Through her monotone narration of her film Hand-Me-Downs, she illustrates the confused border between the literal and the symbolic by using her own gathered family history from questionable sources as a monologued script to archival footage of others in Morocco. Suggesting that the creation and invocation of myth can be a form of surviving places filled with a mysterious past and an unknowable, malleable present and future. The Tangier that arises from Barrada’s exhibition culminates in a feeling of repeated failures, a continuous hesitation to fill holes in one’s own life in a place.
Review: Zachary Buchner/Andrew Rafacz Gallery
Andrew Rafacz Gallery’s long, shallow and rectangular main space opens up with Zachary Buchner’s sparsely hung solo exhibition. All of Buchner’s paintings are a similar size, touched with florescent yellows, blues, reds, and pale hues recalling spring. The brushstrokes are light, without rigor, as if the artist was coloring something in. The paintings are numbered “JSY 01” and “JSY 02” and so on. Serialized, the titles serve as an indication of a controlled experiment or a forbearance of something else to come, perhaps. With each painting holding a load of plaster dribbled, dotted or poured on the surface, and not breaking nor fighting with its frame, the seven paintings end up as limited permutations of each other.

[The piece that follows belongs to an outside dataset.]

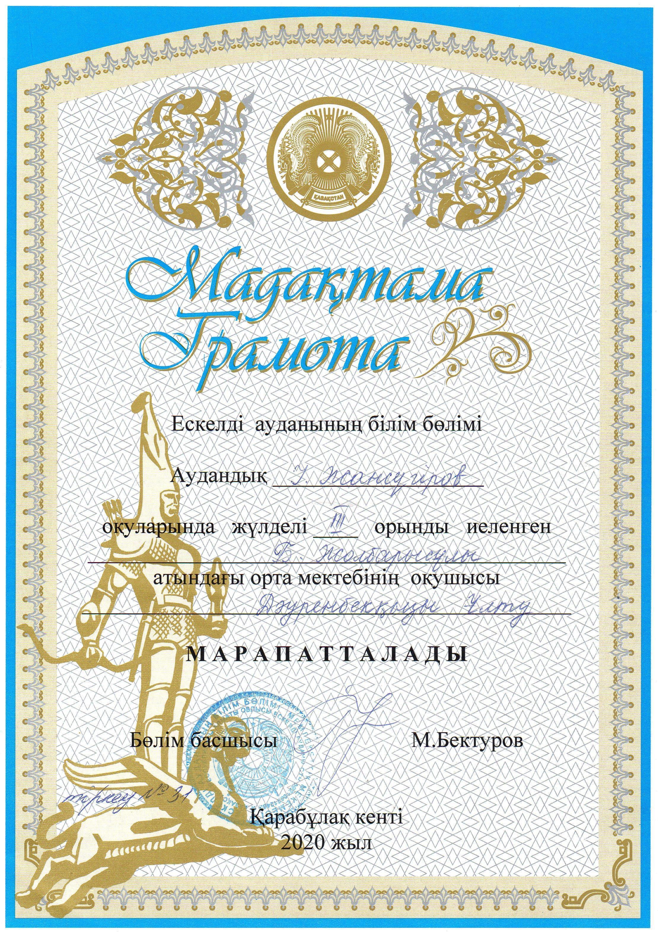 Ченемесова Ушкын Табысбековна » Ескелді ауданы
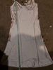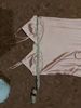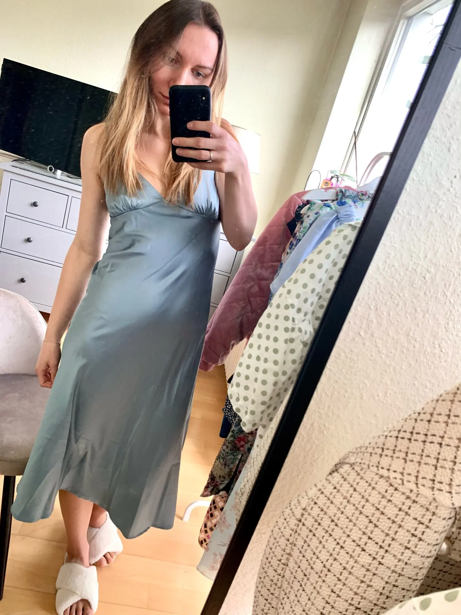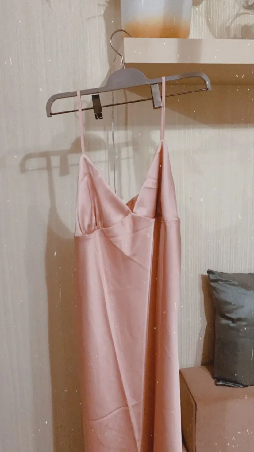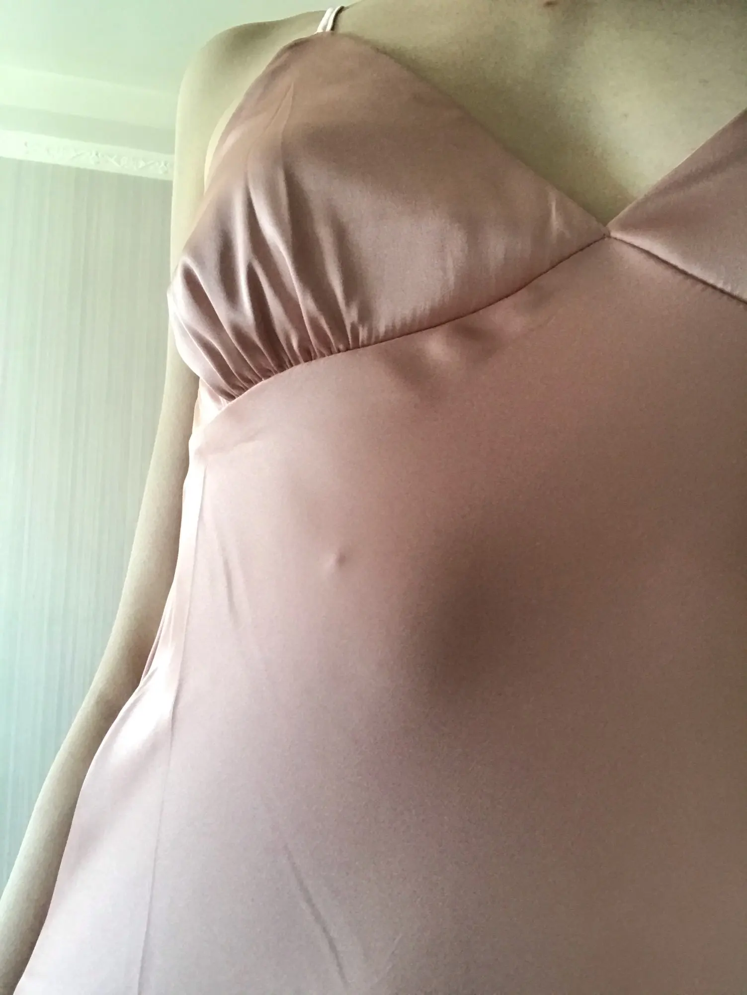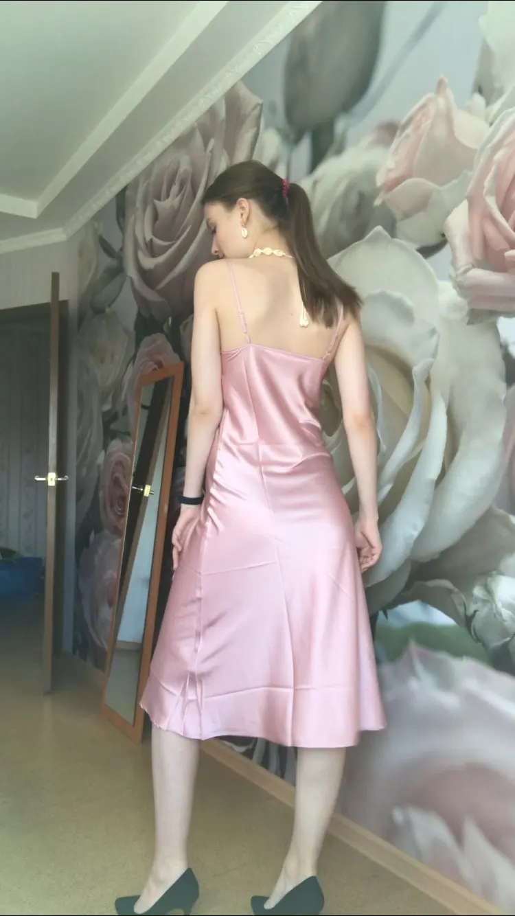 Very beautiful and pleasant dress, both dressed and do not want to shoot, even at night)) The fabric is shiny with matte mother of pearl, very beautiful. The thread does not stick out. It stretches a little. It does not crumple much, but it gets dirty easily. Even a drop of simple water leaves stains, you need to be neat. Rings on straps are plastic. The tummy, unfortunately, with this dress is not compatible, it will have to somehow pull. In general, given the price, I recommend buying a couple at once, different colors, you will not regret it.

Primarily concerned with surface, Buchner’s attempted arbitrariness and asymmetry of plaster placement seems negligent. To call them sculptural is misdirected; simply using a sculptural material as paint does not qualify the term. The transferred index of one painting to another is intriguing but does not reveal much about their potential. The materials used suggest a connection to fresco, but there is a self-awareness absent in this regard which counters that conclusion. Buchner shows restraint through thin paint and little compositional and structural variation between the paintings (paint-plaster-paint). Buchner’s paintings are curious in this regard because of the lack of questions they ask. With their assuredness in surface, everything hangs off of it. Painting is surface, is that where the possibilities lie for this work?
The exhibition’s title, “Just Say Yes,” is a spoiler. The paintings are made to be bright and inviting, and play at being untamed. Neither questioning the world nor themselves in the process of being made, the paintings feel unengaged and less tied to image, framing, or the act of painting itself. It is difficult to allow curiosity to follow these paintings, though their formal qualities are pleasurable, but I desire a position beyond the neutral. (Sean Ward)
Through May 5 at Andrew Rafacz Gallery, 835 W. Washington Blvd.